If your client needs to support working with different keyspaces at that same 
time, then you need to have a mechanism to call set_keyspace() per operation. 
In your connection pool you can have something like getClient() which selects a 
node from the pool from your operation during a client session. In there you 
can call set_keyspace() and upon success, save the keyspace name in some local 
flag and next time you want to get the same client if the local flag has the 
same keyspace then you won't call set_keyssapce(). This is only if you want to 
work with multiple keyspaces in one session.
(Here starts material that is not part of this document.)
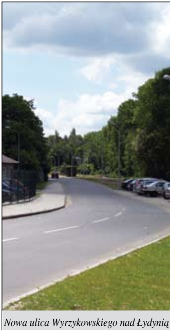
Nowa ulica Wyrzykowskiego nad Łydynią

Otherwise, you can only 
set_keysapce() once you get a node for operations like pycassa. 

----- Original Message -----
From: "Dan Washusen" <d...@reactive.org>
To: client-dev@cassandra.apache.org
Sent: Tuesday, November 2, 2010 5:24:17 PM
Subject: Question regarding Client.set_keyspace(String)

Hey All,
It looks like the Client.set_keyspace method does a server round trip to
validate that the keyspace exists.

Exhibit A:

> InvalidRequestException(why:Keyspace does not exist)
>
> at
>> org.apache.cassandra.thrift.Cassandra$set_keyspace_result.read(Cassandra.java:4816)
>
> at
>> org.apache.cassandra.thrift.Cassandra$Client.recv_set_keyspace(Cassandra.java:451)
>
> at
>> org.apache.cassandra.thrift.Cassandra$Client.set_keyspace(Cassandra.java:426)
>
>
I was looking into making a connection pool that is independent of a
keyspace.   My thinking is that a connection pool is relatively expensive
and if a user has more than one keyspace, it would be ideal to maintain a
single pool for the cluster rather than one per keyspace.

My plan was going to defer the Client.set_keyspace(String) call from the
point that the connection is initialised, to the point that the connection
is borrowed from the pool.  However, if that call requires a server round
trip it might do more harm that good...

Two questions;

   1. Does the call to Client.set_keyspace(String) really do a server round
   trip every time it's invoked?
   2. If yes, is it really necessary?